ASSIGNMENT: The answer should hold every line of the listing, unchanged and free of images.

DATA RECORDS:
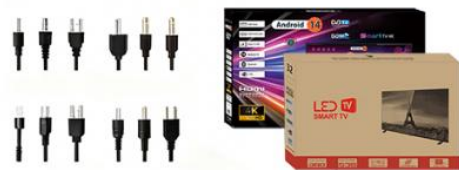
Kraft Paper/ Colorful Carton (Customize)
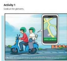
Fig. 8. shows a man working as an online driver and a female student as his passenger

The visual image on page 58 is a descriptive image showing two men working as cashiers and several students as shoppers, depicting representations of work and activities that challenge traditional gender stereotypes. Cashiering, which is often considered a female-dominated job, is in this context depicted as male. This shows that work roles are not limited by gender, and men can also fill roles previously considered more suitable for women. Students as buyers add the context that shopping activities are part of everyday life involving all genders, and there is no exclusivity in this activity. This depiction shows that work and daily activities should not be limited by gender stereotypes and that every individual, regardless of gender, can participate in a variety of work roles and activities. Blumberg's (2007) research shows that gender inequality in textbooks often reinforces existing stereotypes. However, by featuring men as cashiers, these textbooks offer more inclusive representation and teach students that jobs do not have to be gendered. Likewise et al., (2007) emphasized the importance of balanced representation in textbooks to inspire students to see various career possibilities without being bound by gender boundaries.
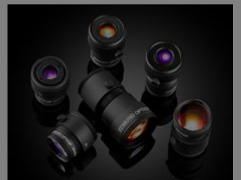
Ci Series Fixed Focal Length Lenses
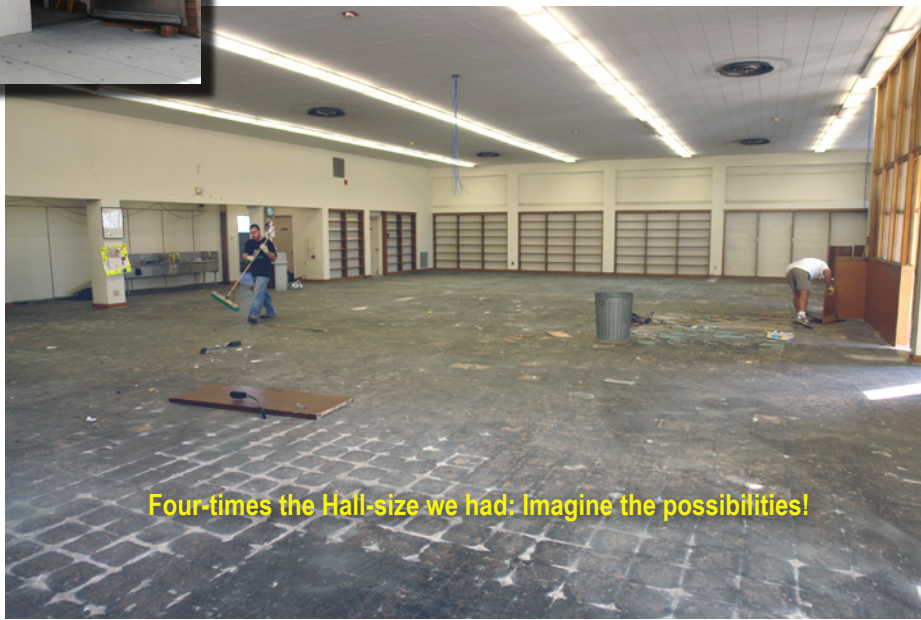
Four-times the Hall-size we had: Imagine the possibilities!

The Zoning process affects mostly the rental of our facilities to outsiders. Seminars, weddings and other occasions when we collect rent for the Center and Services to replenish our funds require a commercial Zoning and the house has to comply to this task. That is the reason why we have to wait for the final OK from the City.
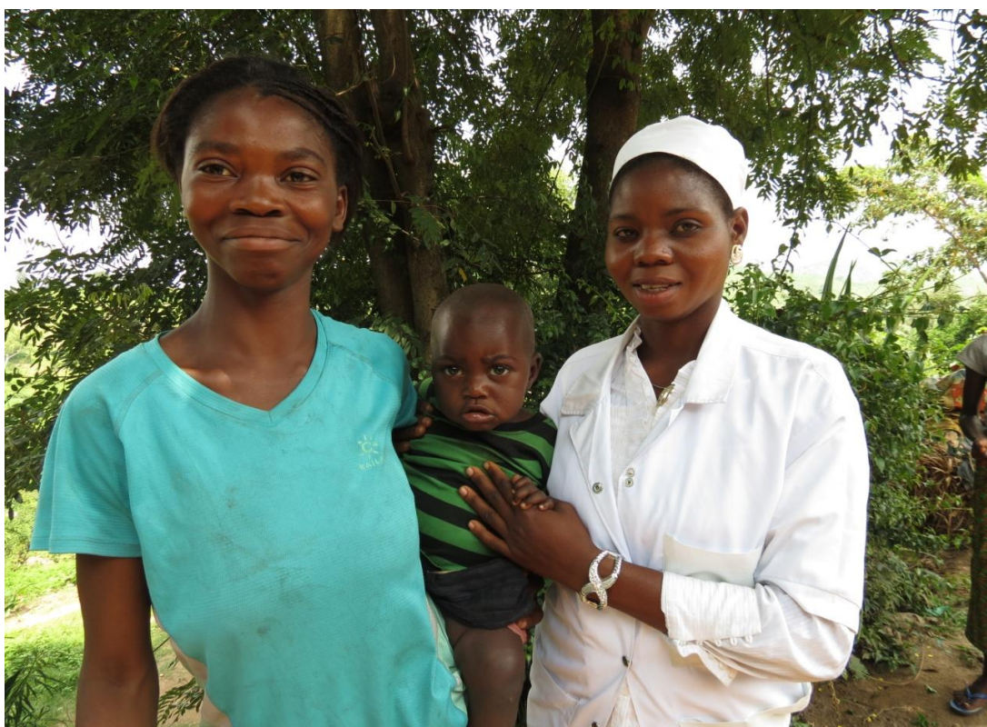
MHCD Midwives with new mothers and babies they helped deliver.
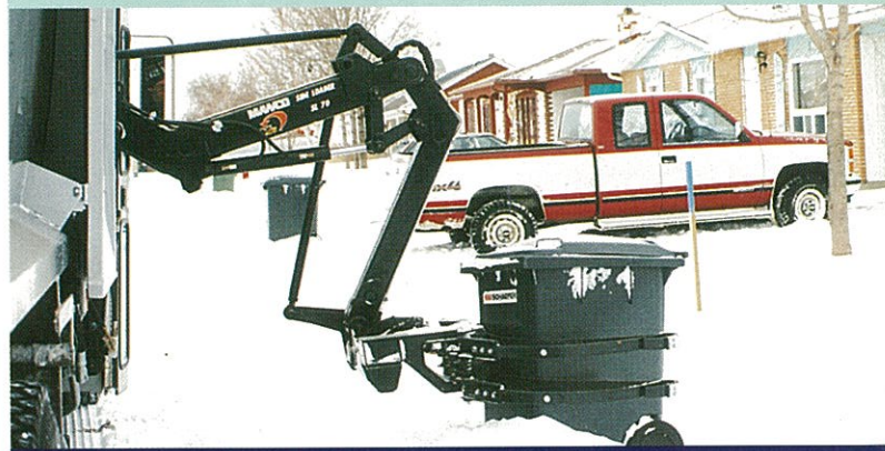
Manco SL70 side loading arm fitted to a Labrie Export 2000 23 cubic metre compaction body operating in Quebec, Canada.

Labrie Equipment of St Nicolas, of Quebec Province, Canada, are Canada's largest manufacturers of refuse and recycling vehicles, and are major suppliers in the total North American market. Although they manufacture side loading refuse vehicles, they have not previously been able to offer full automated side loaders.
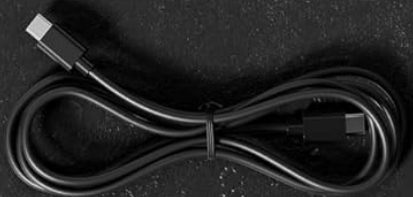
C to C Fast Charge Cable
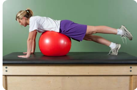
Superman on physioball – 2 point on physioball
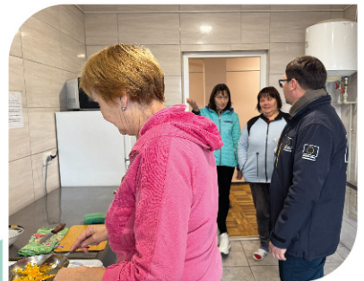
Rehabilitation of collective centres and social institutions and training their staff.
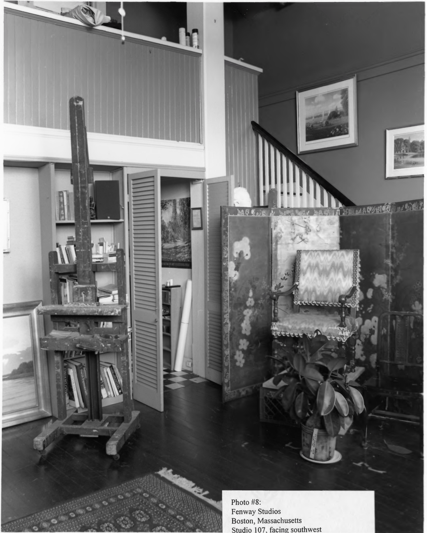
Photo #8: Fenway Studios Boston, Massachusetts Studio 107, facing southwest Photo: Gordon G. Bensley, 1997
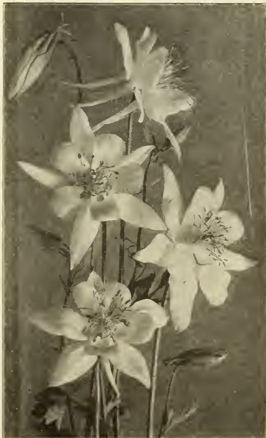
Aquilegia. Farquhar's Long-Spurred Hybrids.
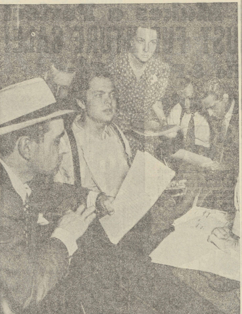
Orson Welles, boy wonder of the American stage, as he appears on the air Monday nights at 8 o'clock in the Mercury theater production "First Person Singular." WBBM is the local outlet.
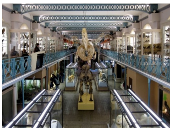
Musée d'Histoire Naturelle

The conference dinner will be organized on Wednesday, July 12 th , at the Hermitage Gantois, an ancient hospice (a former charitable almshouse) of the late 15 th Century, located in the city centre of Lille, in walking distance from the railway station. The reception and dinner will take place in the “Salle des Hospices” the historical main caring room.
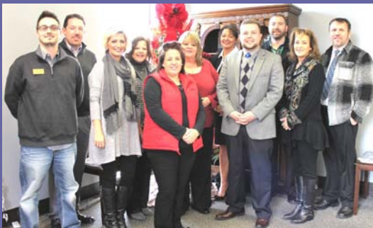
Highlands Diversified Services, Inc.
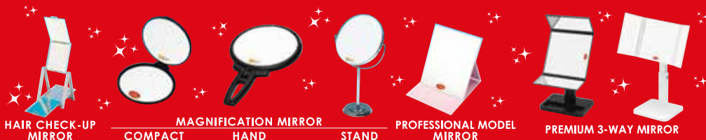
HAIR CHECK-UP MIRROR

The line of "Napure Mirror" items reflect the natural color of your skin and your beauty. New items are produced one after another responding to the good reputation.
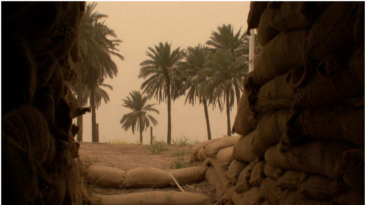
Image from the film. From a grenade attack during a shoot in Baghdad.

ISLAMOPHOBIA: Winner Scottish Muslim Awards Best Film.
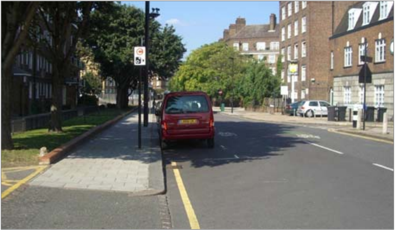
36. Vauxhall Street
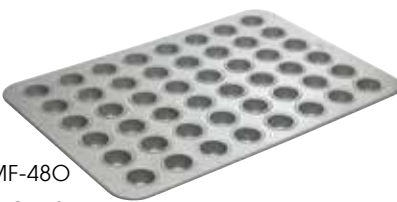
HMF-48O 48 CUPS MINI 1.1OZ
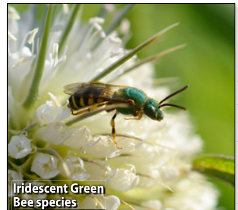
Iridescent Green Bee species

How you can help: In your garden choose locally native perennials of yellow, blue or purple flowers that bloom at different times. Plant herbs, such as basil, cilantro, thyme, oregano and borage in your vegetable beds and let some go to flower for the bees. Bees drink water as well as nectar, so a water feature would be helpful. Reduce mulching, mowing and tilling that may destroy nests or future nesting sites. Avoid using insecticides (which kill bees directly) and herbicides (which kill the plants bees depend on). Steer clear of systemic insecticides. Help scientists learn more about the insects by reporting bees you see in your garden to the citizen-science project www.BumbleBeeWatch.org .

COMPLETED TASK:
Kraft Paper/ Colorful Carton (Customize)
Fig. 8. shows a man working as an online driver and a female student as his passenger

The visual image on page 58 is a descriptive image showing two men working as cashiers and several students as shoppers, depicting representations of work and activities that challenge traditional gender stereotypes. Cashiering, which is often considered a female-dominated job, is in this context depicted as male. This shows that work roles are not limited by gender, and men can also fill roles previously considered more suitable for women. Students as buyers add the context that shopping activities are part of everyday life involving all genders, and there is no exclusivity in this activity. This depiction shows that work and daily activities should not be limited by gender stereotypes and that every individual, regardless of gender, can participate in a variety of work roles and activities. Blumberg's (2007) research shows that gender inequality in textbooks often reinforces existing stereotypes. However, by featuring men as cashiers, these textbooks offer more inclusive representation and teach students that jobs do not have to be gendered. Likewise et al., (2007) emphasized the importance of balanced representation in textbooks to inspire students to see various career possibilities without being bound by gender boundaries.
Ci Series Fixed Focal Length Lenses
Four-times the Hall-size we had: Imagine the possibilities!

The Zoning process affects mostly the rental of our facilities to outsiders. Seminars, weddings and other occasions when we collect rent for the Center and Services to replenish our funds require a commercial Zoning and the house has to comply to this task. That is the reason why we have to wait for the final OK from the City.
MHCD Midwives with new mothers and babies they helped deliver.
Manco SL70 side loading arm fitted to a Labrie Export 2000 23 cubic metre compaction body operating in Quebec, Canada.

Labrie Equipment of St Nicolas, of Quebec Province, Canada, are Canada's largest manufacturers of refuse and recycling vehicles, and are major suppliers in the total North American market. Although they manufacture side loading refuse vehicles, they have not previously been able to offer full automated side loaders.
C to C Fast Charge Cable
Superman on physioball – 2 point on physioball
Rehabilitation of collective centres and social institutions and training their staff.
Photo #8: Fenway Studios Boston, Massachusetts Studio 107, facing southwest Photo: Gordon G. Bensley, 1997
Aquilegia. Farquhar's Long-Spurred Hybrids.
Orson Welles, boy wonder of the American stage, as he appears on the air Monday nights at 8 o'clock in the Mercury theater production "First Person Singular." WBBM is the local outlet.
Musée d'Histoire Naturelle

The conference dinner will be organized on Wednesday, July 12 th , at the Hermitage Gantois, an ancient hospice (a former charitable almshouse) of the late 15 th Century, located in the city centre of Lille, in walking distance from the railway station. The reception and dinner will take place in the “Salle des Hospices” the historical main caring room.
Highlands Diversified Services, Inc.
HAIR CHECK-UP MIRROR

The line of "Napure Mirror" items reflect the natural color of your skin and your beauty. New items are produced one after another responding to the good reputation.
Image from the film. From a grenade attack during a shoot in Baghdad.

ISLAMOPHOBIA: Winner Scottish Muslim Awards Best Film.
36. Vauxhall Street
HMF-48O 48 CUPS MINI 1.1OZ
Iridescent Green Bee species

How you can help: In your garden choose locally native perennials of yellow, blue or purple flowers that bloom at different times. Plant herbs, such as basil, cilantro, thyme, oregano and borage in your vegetable beds and let some go to flower for the bees. Bees drink water as well as nectar, so a water feature would be helpful. Reduce mulching, mowing and tilling that may destroy nests or future nesting sites. Avoid using insecticides (which kill bees directly) and herbicides (which kill the plants bees depend on). Steer clear of systemic insecticides. Help scientists learn more about the insects by reporting bees you see in your garden to the citizen-science project www.BumbleBeeWatch.org .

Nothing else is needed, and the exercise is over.